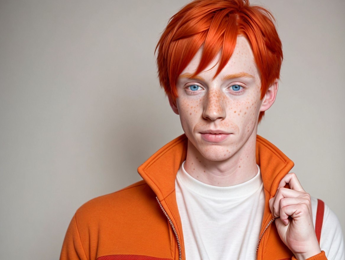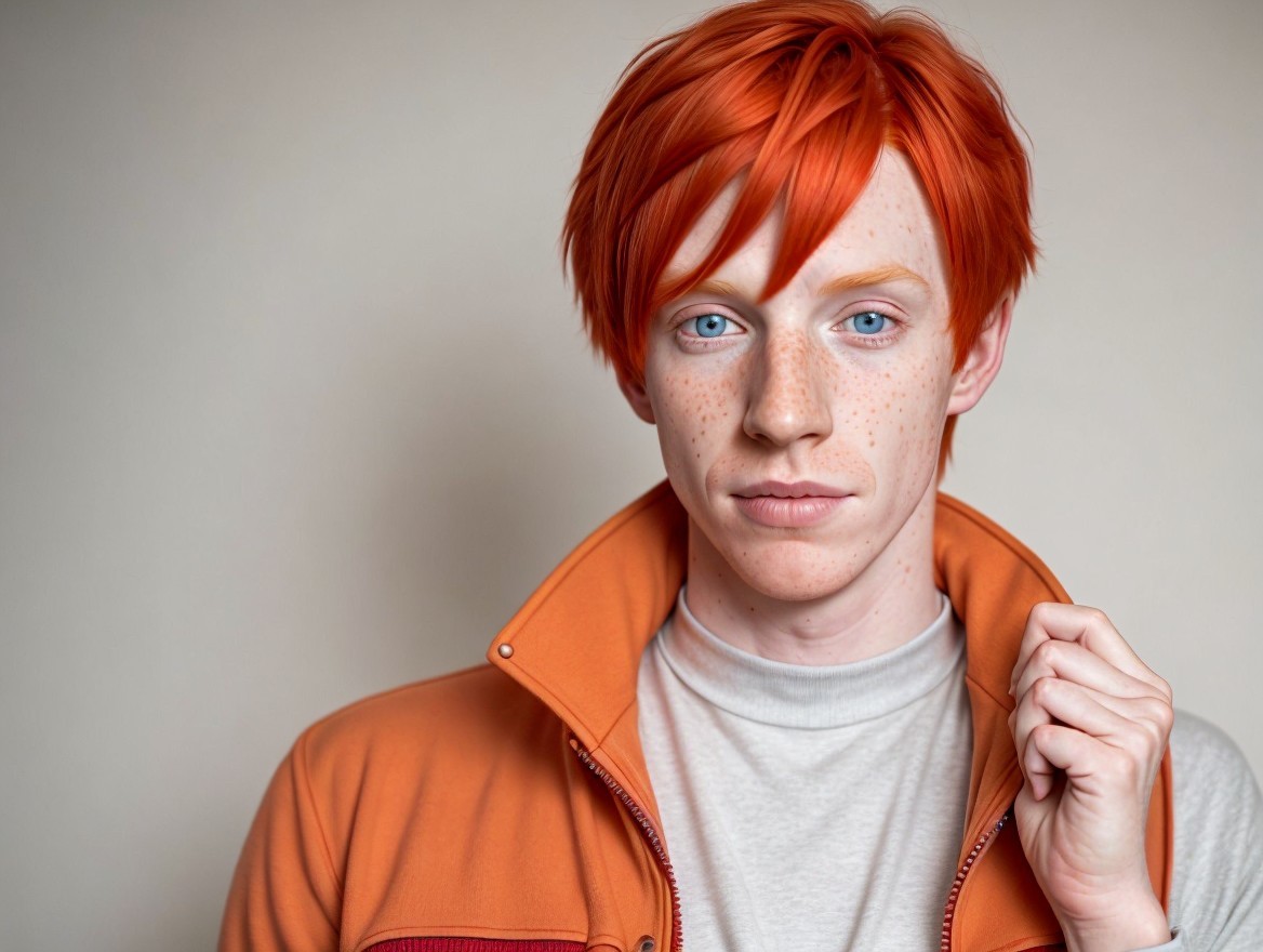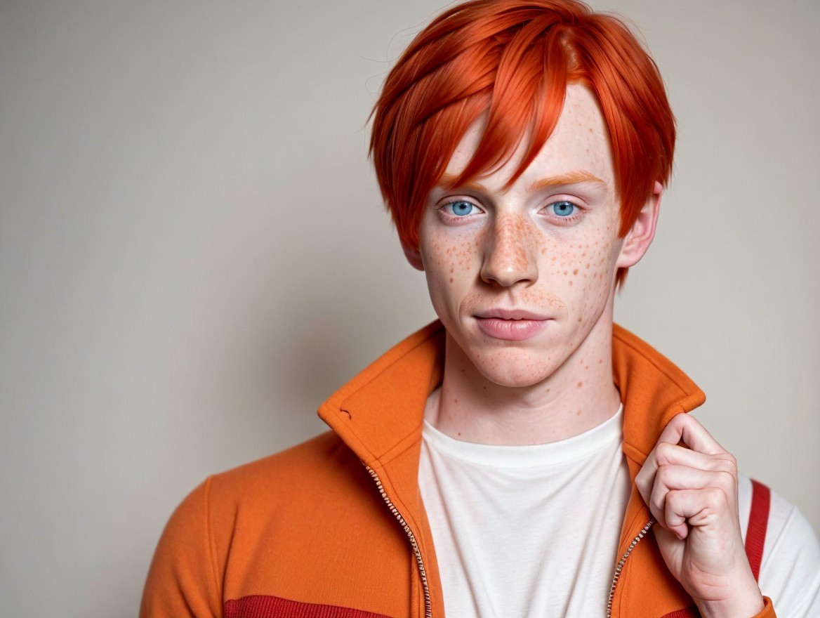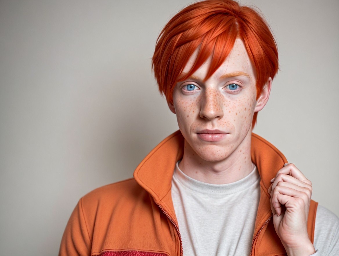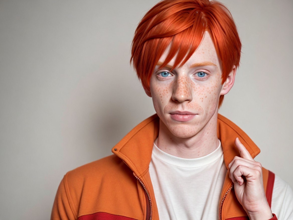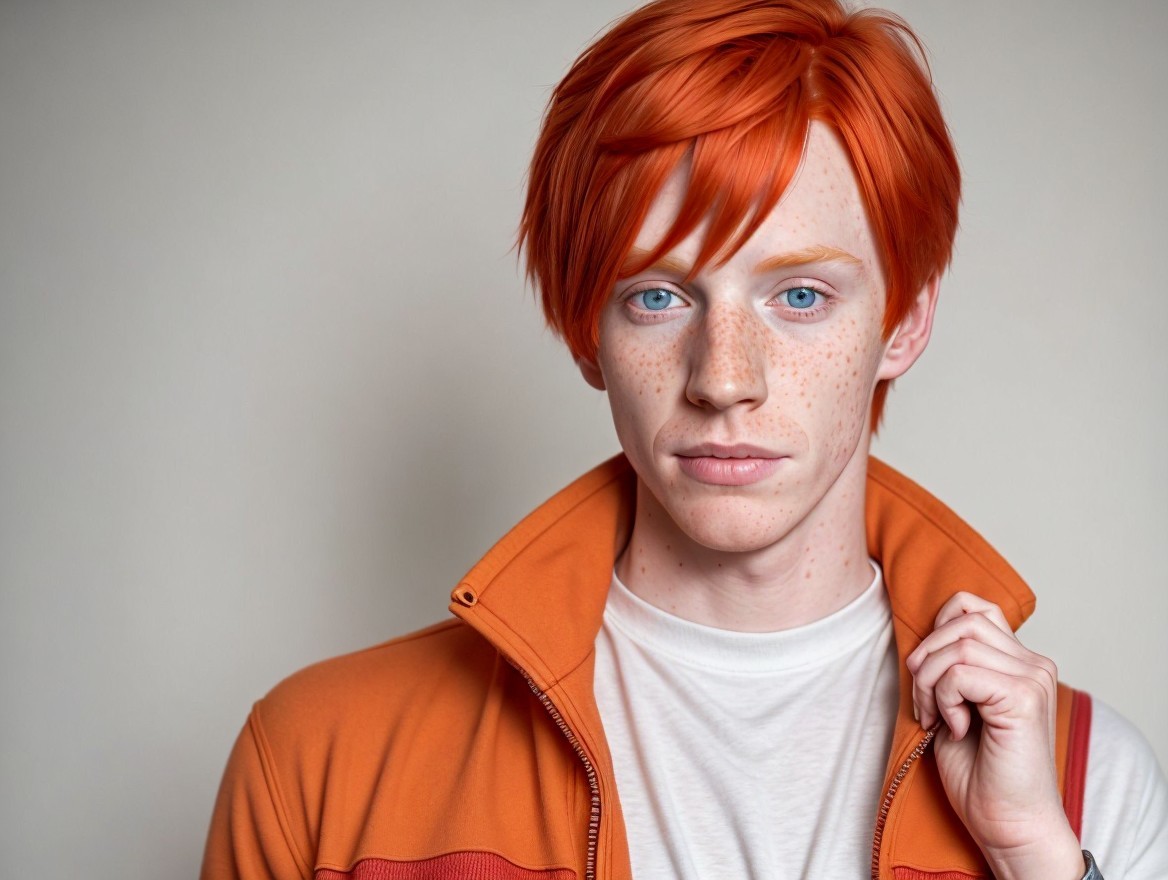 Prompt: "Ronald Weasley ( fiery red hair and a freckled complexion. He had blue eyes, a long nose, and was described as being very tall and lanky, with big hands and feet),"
================================
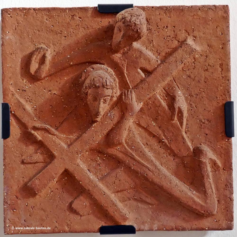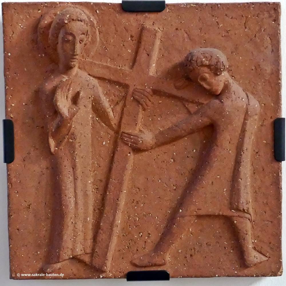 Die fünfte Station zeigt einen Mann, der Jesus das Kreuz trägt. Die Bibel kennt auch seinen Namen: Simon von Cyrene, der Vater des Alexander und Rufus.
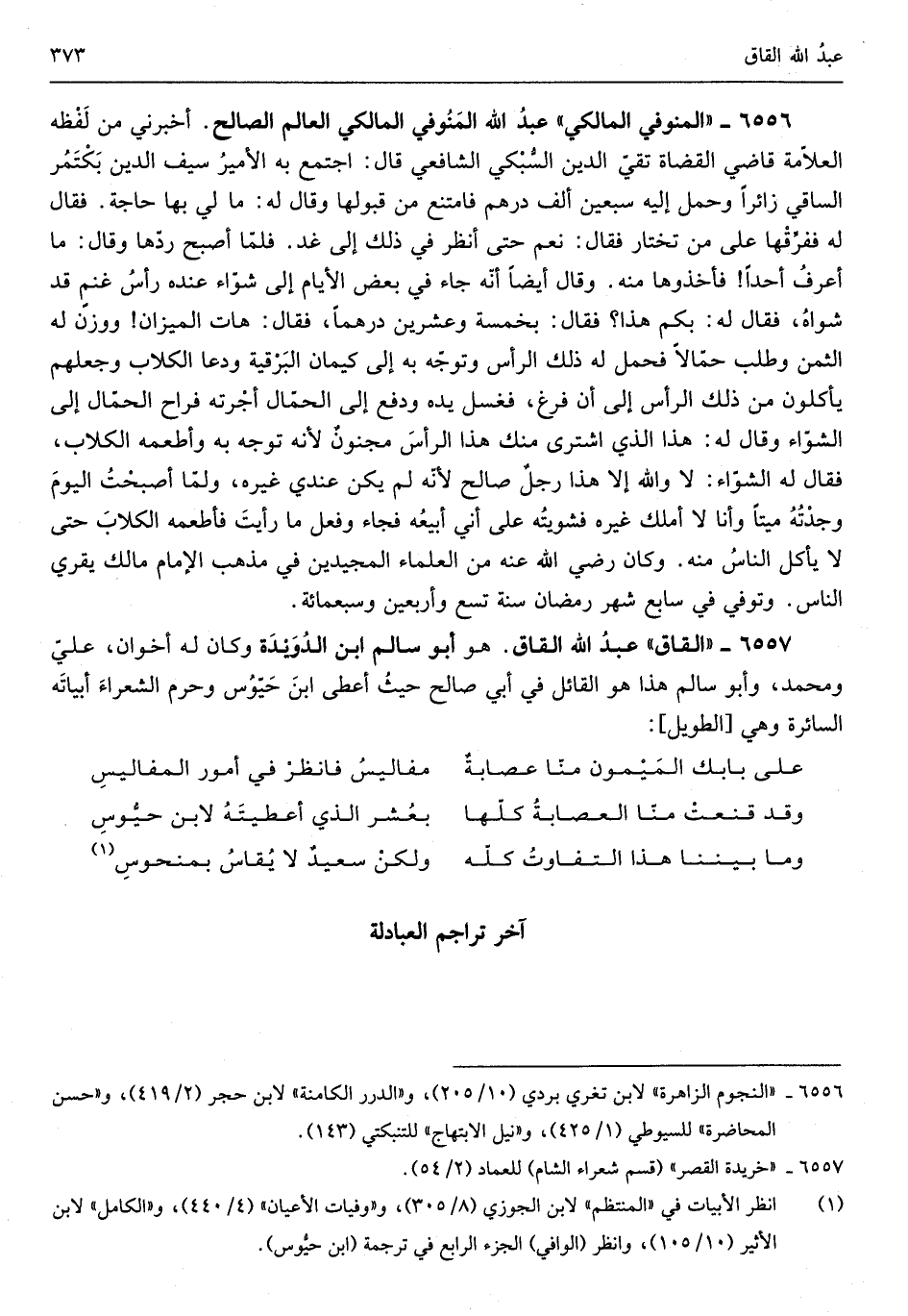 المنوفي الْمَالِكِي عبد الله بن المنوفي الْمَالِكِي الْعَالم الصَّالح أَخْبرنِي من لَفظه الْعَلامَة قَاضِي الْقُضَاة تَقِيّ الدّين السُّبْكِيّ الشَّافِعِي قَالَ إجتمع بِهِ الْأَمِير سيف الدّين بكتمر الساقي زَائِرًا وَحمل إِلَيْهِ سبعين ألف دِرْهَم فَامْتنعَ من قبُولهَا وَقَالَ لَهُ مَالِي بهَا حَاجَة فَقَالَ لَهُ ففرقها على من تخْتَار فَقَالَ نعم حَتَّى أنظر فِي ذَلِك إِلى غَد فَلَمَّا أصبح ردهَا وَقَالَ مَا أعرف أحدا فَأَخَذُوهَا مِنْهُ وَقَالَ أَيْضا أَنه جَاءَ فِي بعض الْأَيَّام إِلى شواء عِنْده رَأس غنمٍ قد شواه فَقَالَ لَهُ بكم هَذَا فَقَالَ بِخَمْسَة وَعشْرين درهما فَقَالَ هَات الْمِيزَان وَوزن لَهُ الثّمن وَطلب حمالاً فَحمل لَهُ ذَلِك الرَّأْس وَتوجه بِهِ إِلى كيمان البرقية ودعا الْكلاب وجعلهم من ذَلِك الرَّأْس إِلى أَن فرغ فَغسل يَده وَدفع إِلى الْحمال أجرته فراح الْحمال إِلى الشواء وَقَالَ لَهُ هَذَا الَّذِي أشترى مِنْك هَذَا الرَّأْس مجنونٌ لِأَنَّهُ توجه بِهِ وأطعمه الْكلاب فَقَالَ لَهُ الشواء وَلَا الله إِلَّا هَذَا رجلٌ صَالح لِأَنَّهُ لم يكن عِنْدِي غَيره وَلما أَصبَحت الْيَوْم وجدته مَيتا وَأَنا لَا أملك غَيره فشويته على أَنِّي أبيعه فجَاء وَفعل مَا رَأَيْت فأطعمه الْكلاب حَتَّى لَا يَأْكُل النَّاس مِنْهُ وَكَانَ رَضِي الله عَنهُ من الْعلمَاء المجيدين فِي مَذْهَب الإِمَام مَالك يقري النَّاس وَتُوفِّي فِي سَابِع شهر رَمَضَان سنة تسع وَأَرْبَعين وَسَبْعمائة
================================
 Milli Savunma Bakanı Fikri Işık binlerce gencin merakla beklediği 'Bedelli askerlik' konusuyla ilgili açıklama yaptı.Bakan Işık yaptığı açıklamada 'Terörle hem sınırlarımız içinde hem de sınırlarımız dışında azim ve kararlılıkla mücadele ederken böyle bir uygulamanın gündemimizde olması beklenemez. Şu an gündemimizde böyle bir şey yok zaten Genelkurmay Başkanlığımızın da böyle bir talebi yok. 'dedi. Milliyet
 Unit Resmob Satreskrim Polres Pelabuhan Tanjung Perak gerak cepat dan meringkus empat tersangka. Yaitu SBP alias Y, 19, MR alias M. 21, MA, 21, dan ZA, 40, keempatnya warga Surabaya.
================================
**Exercise details**
Among the lines above, the one with "Die fünfte Station" opens the part to repeat and the one with "المنوفي الْمَالِكِي عبد" closes it; repeat only that part exactly, with no pictures.

**Problem solution**
 Die fünfte Station zeigt einen Mann, der Jesus das Kreuz trägt. Die Bibel kennt auch seinen Namen: Simon von Cyrene, der Vater des Alexander und Rufus.
 المنوفي الْمَالِكِي عبد الله بن المنوفي الْمَالِكِي الْعَالم الصَّالح أَخْبرنِي من لَفظه الْعَلامَة قَاضِي الْقُضَاة تَقِيّ الدّين السُّبْكِيّ الشَّافِعِي قَالَ إجتمع بِهِ الْأَمِير سيف الدّين بكتمر الساقي زَائِرًا وَحمل إِلَيْهِ سبعين ألف دِرْهَم فَامْتنعَ من قبُولهَا وَقَالَ لَهُ مَالِي بهَا حَاجَة فَقَالَ لَهُ ففرقها على من تخْتَار فَقَالَ نعم حَتَّى أنظر فِي ذَلِك إِلى غَد فَلَمَّا أصبح ردهَا وَقَالَ مَا أعرف أحدا فَأَخَذُوهَا مِنْهُ وَقَالَ أَيْضا أَنه جَاءَ فِي بعض الْأَيَّام إِلى شواء عِنْده رَأس غنمٍ قد شواه فَقَالَ لَهُ بكم هَذَا فَقَالَ بِخَمْسَة وَعشْرين درهما فَقَالَ هَات الْمِيزَان وَوزن لَهُ الثّمن وَطلب حمالاً فَحمل لَهُ ذَلِك الرَّأْس وَتوجه بِهِ إِلى كيمان البرقية ودعا الْكلاب وجعلهم من ذَلِك الرَّأْس إِلى أَن فرغ فَغسل يَده وَدفع إِلى الْحمال أجرته فراح الْحمال إِلى الشواء وَقَالَ لَهُ هَذَا الَّذِي أشترى مِنْك هَذَا الرَّأْس مجنونٌ لِأَنَّهُ توجه بِهِ وأطعمه الْكلاب فَقَالَ لَهُ الشواء وَلَا الله إِلَّا هَذَا رجلٌ صَالح لِأَنَّهُ لم يكن عِنْدِي غَيره وَلما أَصبَحت الْيَوْم وجدته مَيتا وَأَنا لَا أملك غَيره فشويته على أَنِّي أبيعه فجَاء وَفعل مَا رَأَيْت فأطعمه الْكلاب حَتَّى لَا يَأْكُل النَّاس مِنْهُ وَكَانَ رَضِي الله عَنهُ من الْعلمَاء المجيدين فِي مَذْهَب الإِمَام مَالك يقري النَّاس وَتُوفِّي فِي سَابِع شهر رَمَضَان سنة تسع وَأَرْبَعين وَسَبْعمائة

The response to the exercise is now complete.